Tell me how today’s AI tools can adapt your processes to the true needs of your organization, and how those tools will be able to spot inefficiencies due to the different actions and behaviors of your team members.

2. Processes vs. communication

Writing down processes is easy. But they only ever are effective when an organization’s leaders can communicate them to their teams.

Whilst productivity guys swear by working asynchronously, which often means writing tons of documents and emails, I’m afraid there is no way around talking to each other.

That’s why you need leaders. One of their primary tasks is to make sure people talk to each other rather than write to each other. What sounds simple is a never-ending marathon. And I am sure no AI tool of our times can take over this difficult and tedious task (yet) from human leaders.

3. Process vs. real world

Processes shouldn’t be carved in stone but adapted if and when the organization evolves.

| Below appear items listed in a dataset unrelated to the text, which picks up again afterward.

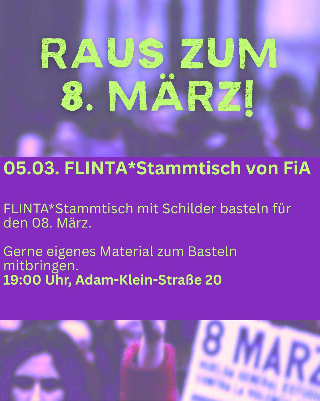 FLINTA*-Stammtisch mit Schilder-Basteln für den 8. März.
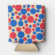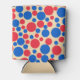 Red And Blue Dots On Tan Can Cooler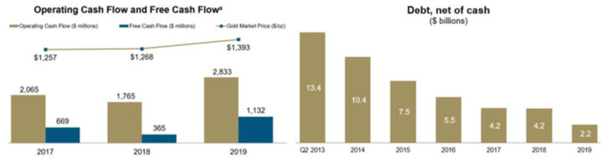 除了ROE之外,巴里克近年的经营现金流、自由现金流整体均呈上升趋势,而负债净额持续下降。截至2019年,巴里克黄金自由现金流达到11.32亿美元,经营性现金流达到28.33亿美元,负债净额从2013年Q2的134亿美元下降至2019年年底的22亿美元,资产结构持续优化。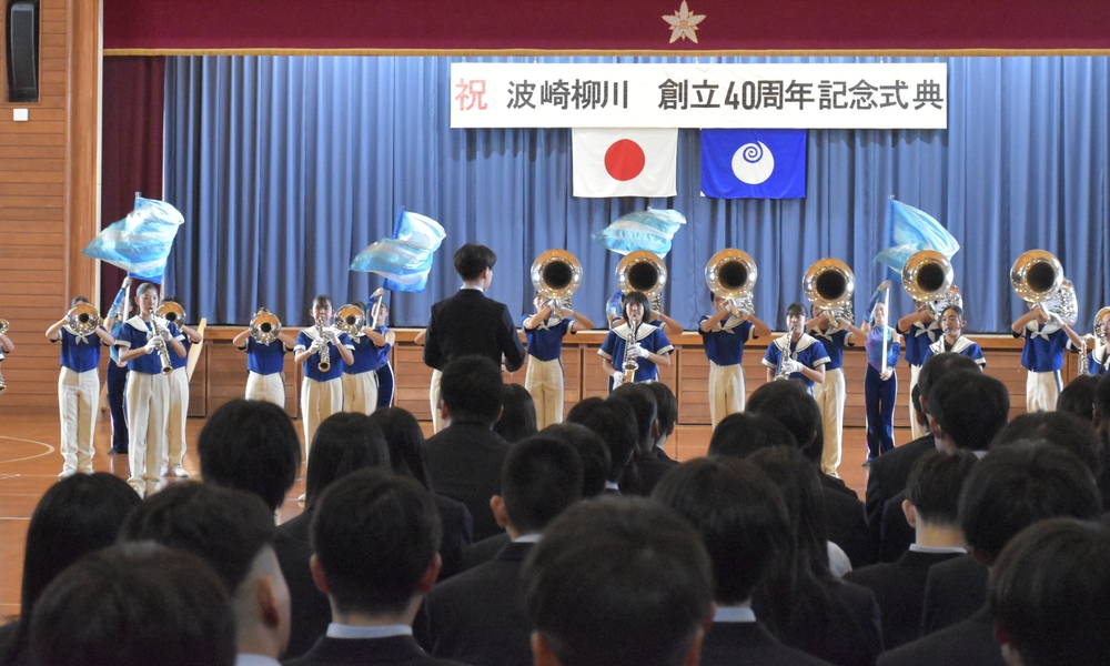 茨城県神栖市柳川の県立波崎柳川高(岩瀬美江校長)は18日、同校体育館で創立40周年記念式典を開いた。在校生と教職員、地域の関…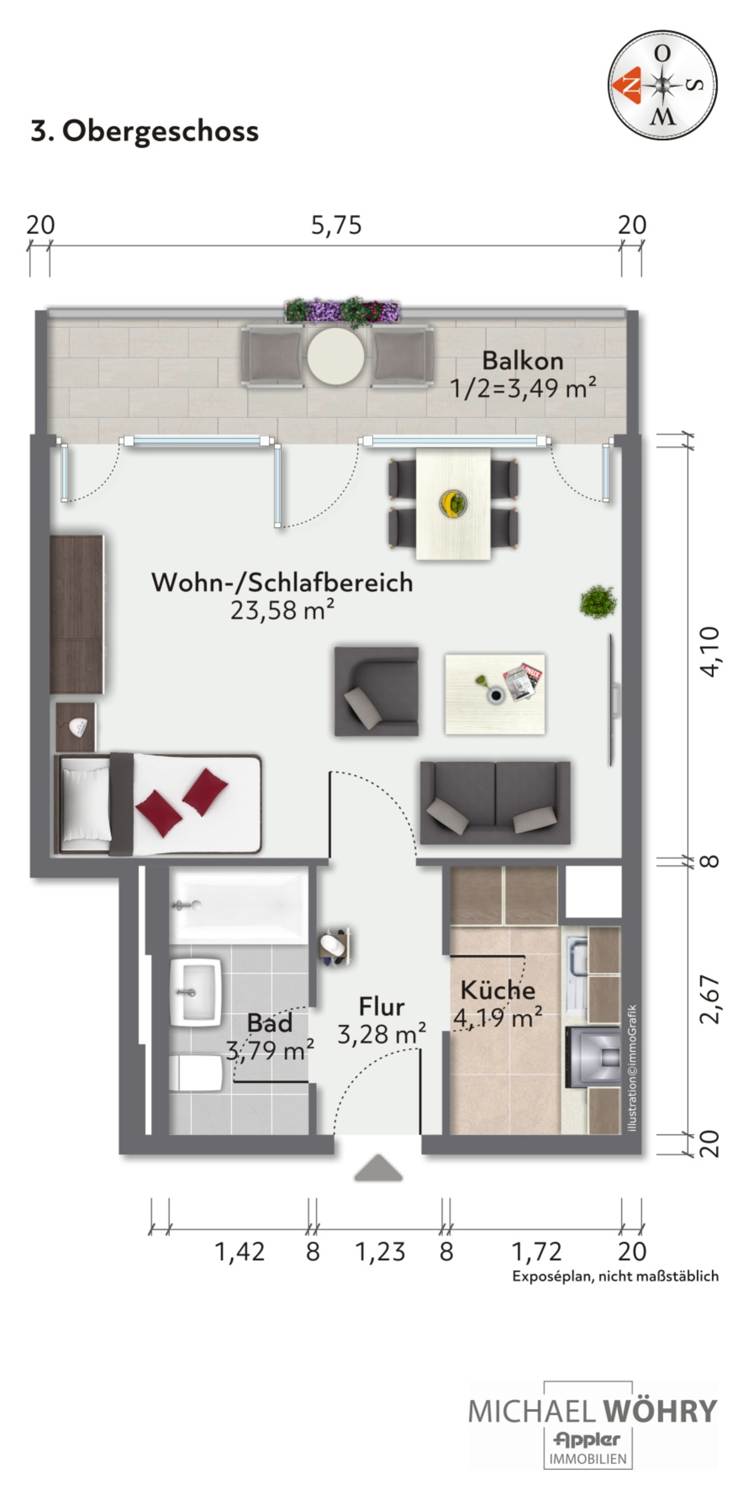 Käufer und Verkäufer verpflichten sich jeweils zur Zahlung einer Provision an die Firma Appler + Wöhry Immobilien i.H.v. 3,57% (inkl. 19% MwSt.) aus dem notariell beurkundeten Kaufpreis. Die Zahlung ist fällig mit Kaufvertragsabschluss.
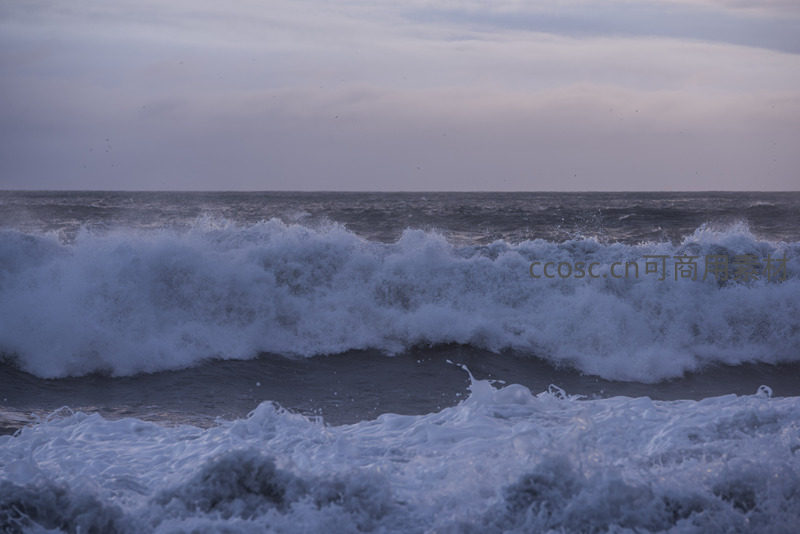 在黄昏的微光中,深色的海面翻腾着巨大的波浪,浪尖破碎成雪白泡沫,描绘出一幅充满动感与张力的自然画卷。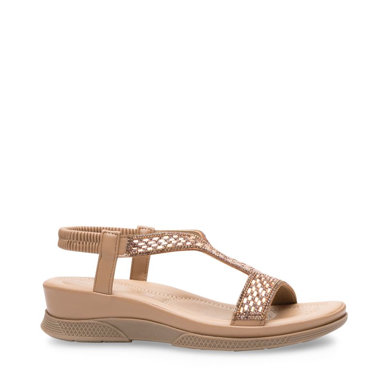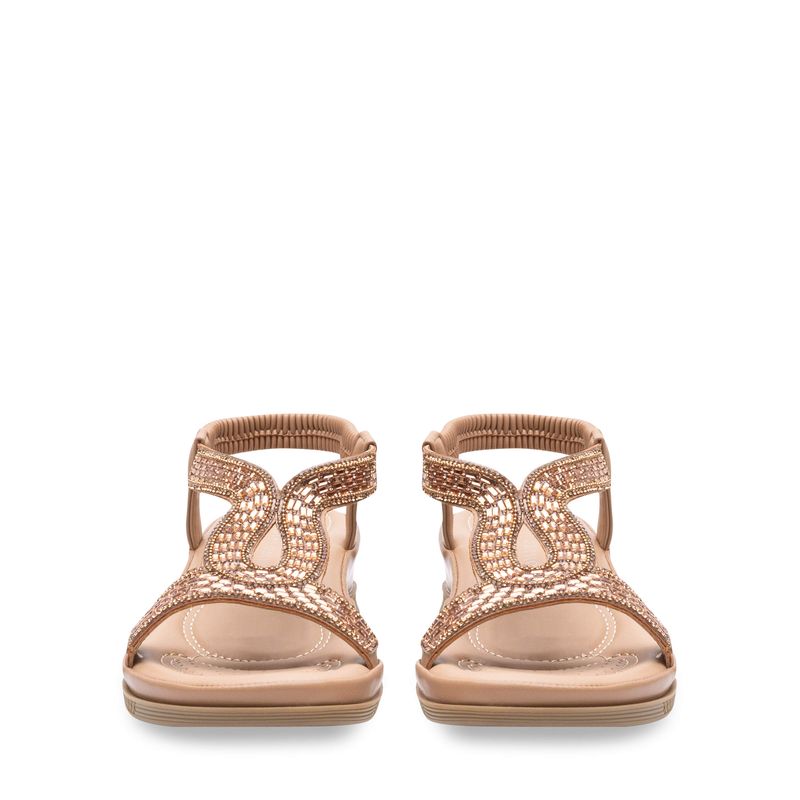 Eleva tu estilo diario con esta sandalia oro decorada con pedrería brillante que aporta un toque sofisticado sin perder comodidad. Su diseño con pulsera elástica se ajusta perfectamente al pie, brindando libertad de movimiento y un ajuste suave durante todo el día. La plantilla suave y la plataforma ultraligera hacen que cada paso sea más cómodo, convirtiéndola en la opción perfecta para paseos largos, outfits casuales y looks que buscan un toque de elegancia relajada.
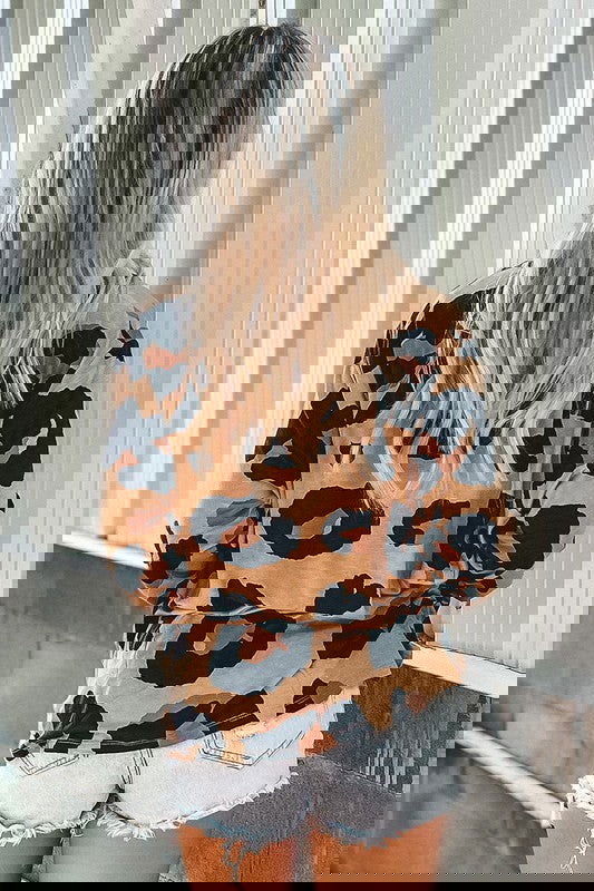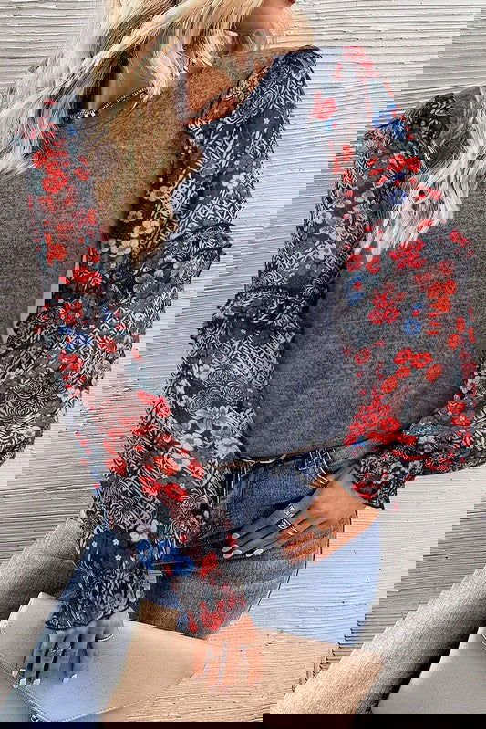 Women Ruffle Tiered Floral Sleeve Crew Neck Blouse

Processes also need to make sense for your specific activities, and it’s often when an organization evolves that processes don’t make sense anymore.

AI tools and humans share the problem that they struggle to make sense of the real world. How many silly processes and stupid rules exist in our world?

And now on to the final question: Are those humans who came up with those silly processes and stupid rules able to create AI tools that will eventually eliminate all that red tape and generate not just process documentation, but effective and efficient processes?